§ Required action:
For the string "Meterez", search the entries below and copy every line where it appears.

§ Data for the task:
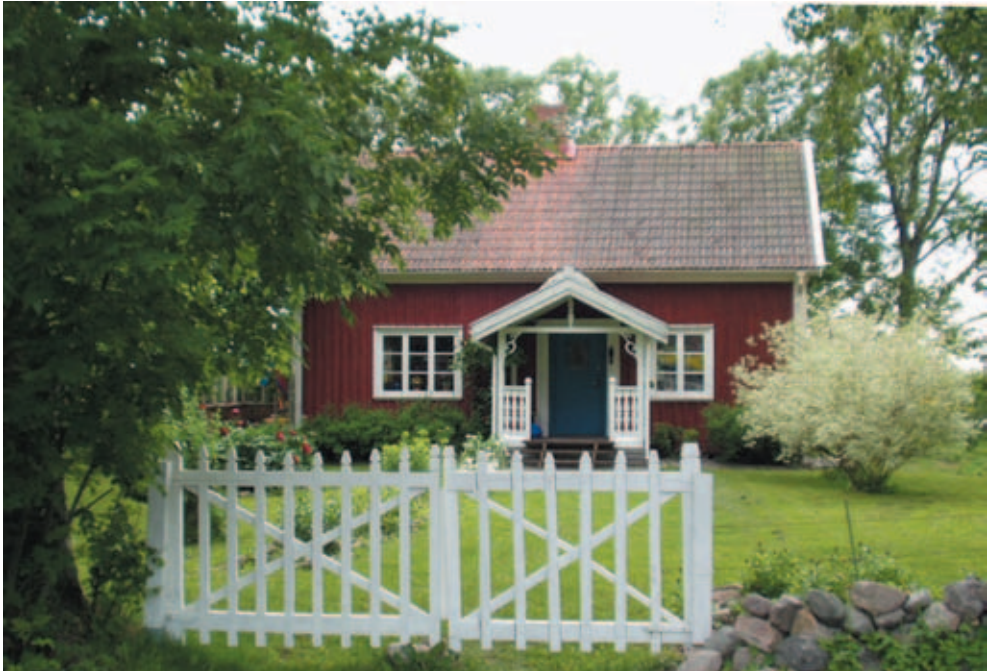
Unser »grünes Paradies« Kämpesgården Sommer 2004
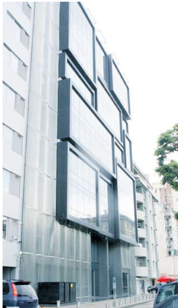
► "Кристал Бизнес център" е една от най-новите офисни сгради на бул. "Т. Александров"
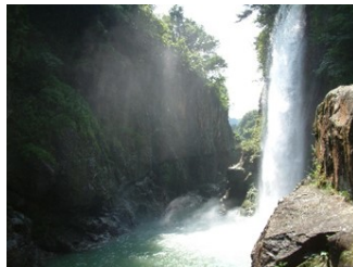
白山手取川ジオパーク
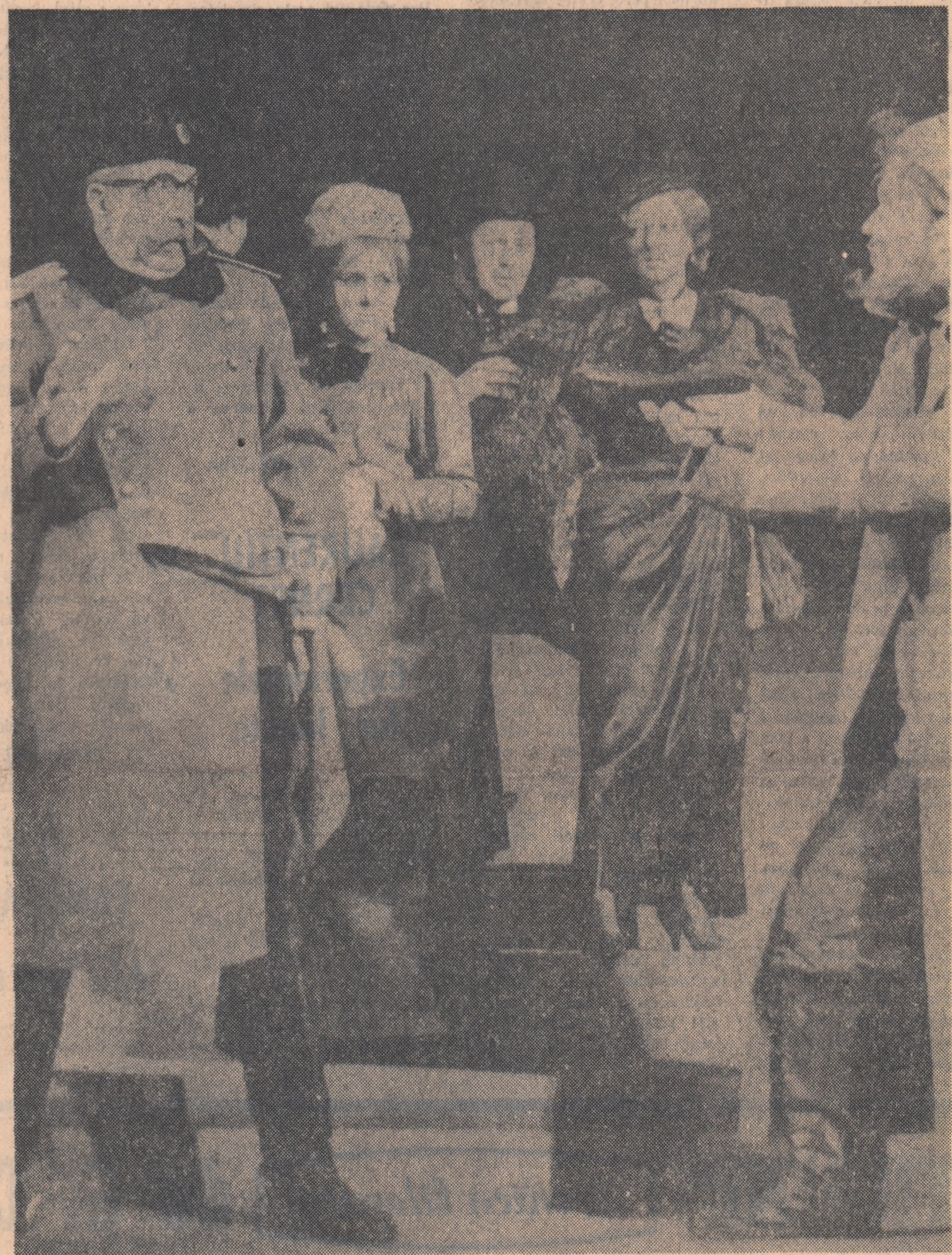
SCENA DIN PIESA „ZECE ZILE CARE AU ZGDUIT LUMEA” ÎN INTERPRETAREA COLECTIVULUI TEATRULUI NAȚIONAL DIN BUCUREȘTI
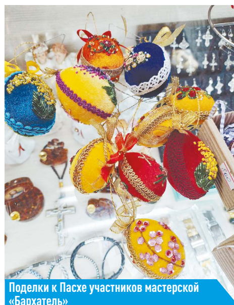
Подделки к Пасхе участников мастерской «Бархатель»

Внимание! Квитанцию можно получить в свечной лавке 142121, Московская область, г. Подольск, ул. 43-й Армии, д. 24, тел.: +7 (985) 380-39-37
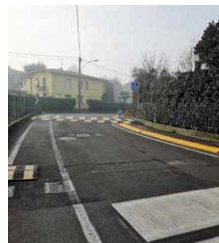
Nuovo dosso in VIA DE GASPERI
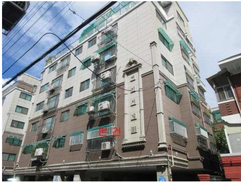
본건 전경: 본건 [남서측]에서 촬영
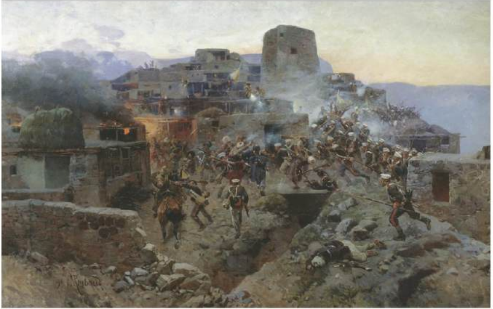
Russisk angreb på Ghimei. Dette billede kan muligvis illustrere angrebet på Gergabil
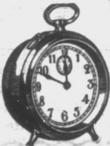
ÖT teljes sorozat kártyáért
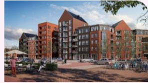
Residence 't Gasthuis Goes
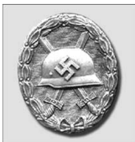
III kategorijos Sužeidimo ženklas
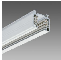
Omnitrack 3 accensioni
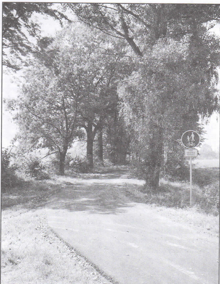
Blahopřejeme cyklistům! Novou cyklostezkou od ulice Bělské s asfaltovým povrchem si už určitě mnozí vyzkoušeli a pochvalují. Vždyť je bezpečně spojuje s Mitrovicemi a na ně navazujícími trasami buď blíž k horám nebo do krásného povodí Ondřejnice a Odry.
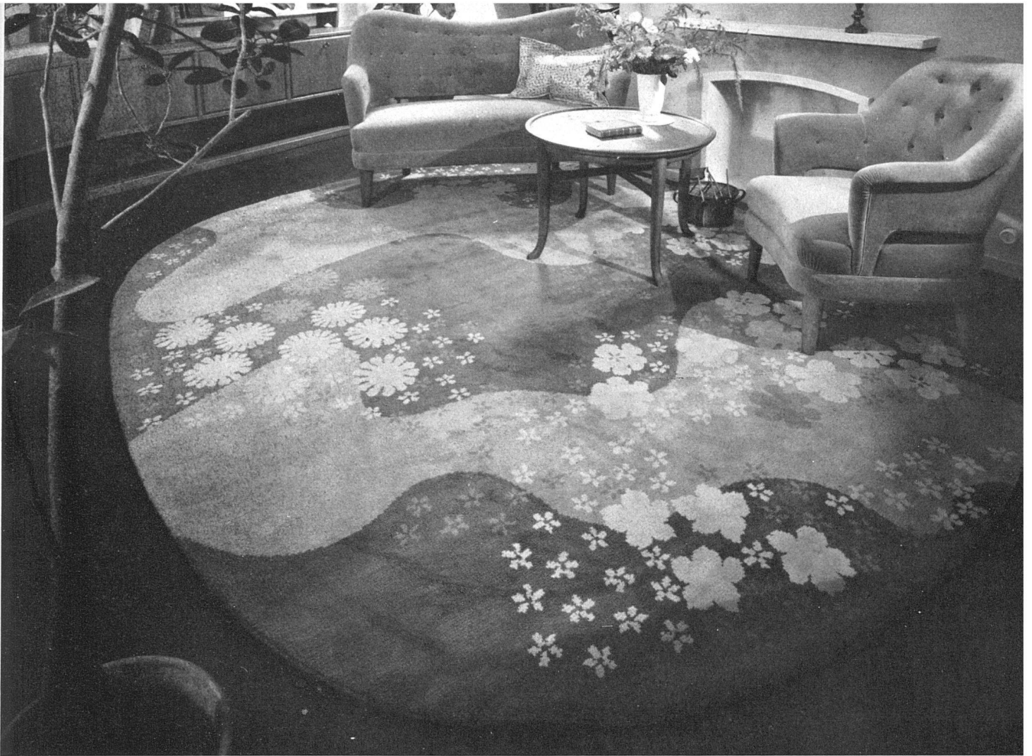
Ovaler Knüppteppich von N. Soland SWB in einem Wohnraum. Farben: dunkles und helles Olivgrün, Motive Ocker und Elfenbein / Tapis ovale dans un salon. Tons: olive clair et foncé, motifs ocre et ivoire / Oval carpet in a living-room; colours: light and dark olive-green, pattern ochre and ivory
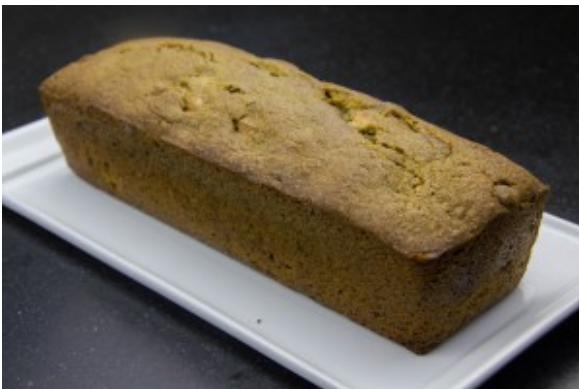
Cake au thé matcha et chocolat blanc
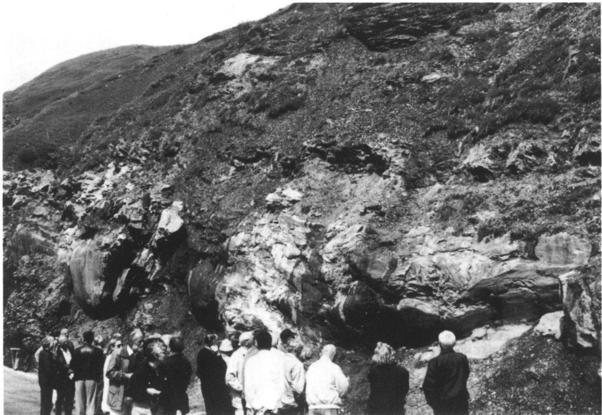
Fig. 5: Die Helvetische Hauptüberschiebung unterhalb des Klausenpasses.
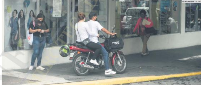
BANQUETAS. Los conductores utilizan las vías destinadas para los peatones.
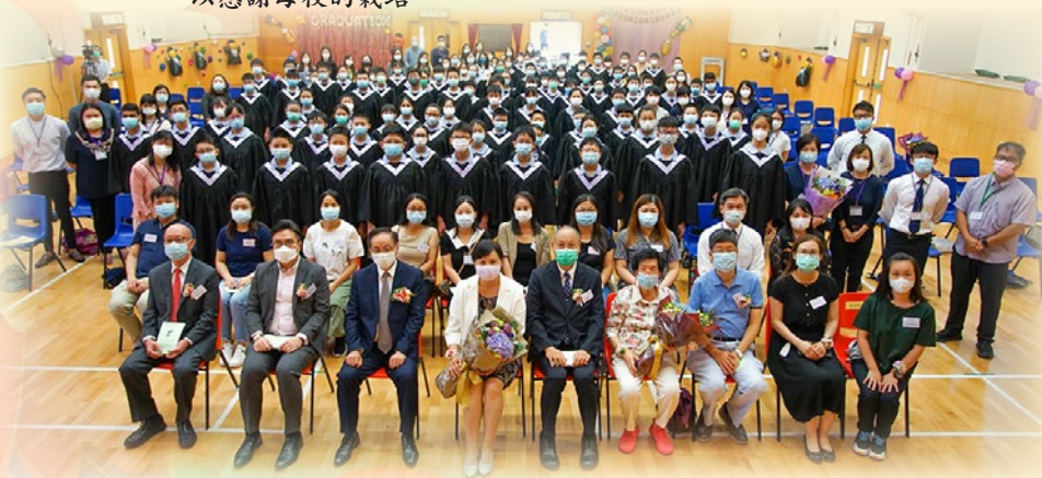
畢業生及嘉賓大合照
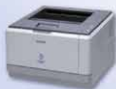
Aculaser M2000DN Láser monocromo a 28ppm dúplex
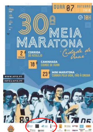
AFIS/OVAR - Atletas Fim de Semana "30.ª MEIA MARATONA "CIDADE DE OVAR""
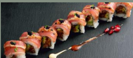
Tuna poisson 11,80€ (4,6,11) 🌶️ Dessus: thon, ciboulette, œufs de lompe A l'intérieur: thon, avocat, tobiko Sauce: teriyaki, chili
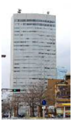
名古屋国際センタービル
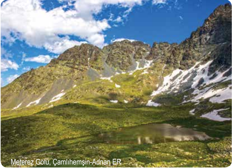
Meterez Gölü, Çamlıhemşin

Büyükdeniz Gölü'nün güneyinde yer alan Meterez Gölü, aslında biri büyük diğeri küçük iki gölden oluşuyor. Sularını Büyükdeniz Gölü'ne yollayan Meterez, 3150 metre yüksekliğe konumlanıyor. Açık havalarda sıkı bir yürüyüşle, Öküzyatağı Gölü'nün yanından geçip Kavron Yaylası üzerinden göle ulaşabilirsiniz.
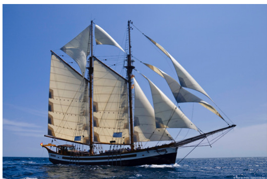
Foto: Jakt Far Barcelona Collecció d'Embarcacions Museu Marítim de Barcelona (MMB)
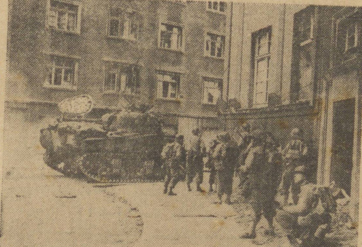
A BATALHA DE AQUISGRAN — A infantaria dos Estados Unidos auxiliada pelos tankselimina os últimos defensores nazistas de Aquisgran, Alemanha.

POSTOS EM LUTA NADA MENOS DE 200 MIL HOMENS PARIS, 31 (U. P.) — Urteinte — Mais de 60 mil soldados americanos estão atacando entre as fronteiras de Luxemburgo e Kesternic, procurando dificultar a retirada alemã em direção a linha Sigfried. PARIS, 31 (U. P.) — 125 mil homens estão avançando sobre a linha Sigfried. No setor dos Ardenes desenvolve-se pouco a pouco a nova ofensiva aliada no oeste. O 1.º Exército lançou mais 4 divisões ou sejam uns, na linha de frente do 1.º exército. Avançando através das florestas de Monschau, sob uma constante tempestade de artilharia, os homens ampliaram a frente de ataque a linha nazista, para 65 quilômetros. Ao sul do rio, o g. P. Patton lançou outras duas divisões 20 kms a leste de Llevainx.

§ Answer to this exercise:
Meterez Gölü, Çamlıhemşin
Büyükdeniz Gölü'nün güneyinde yer alan Meterez Gölü, aslında biri büyük diğeri küçük iki gölden oluşuyor. Sularını Büyükdeniz Gölü'ne yollayan Meterez, 3150 metre yüksekliğe konumlanıyor. Açık havalarda sıkı bir yürüyüşle, Öküzyatağı Gölü'nün yanından geçip Kavron Yaylası üzerinden göle ulaşabilirsiniz.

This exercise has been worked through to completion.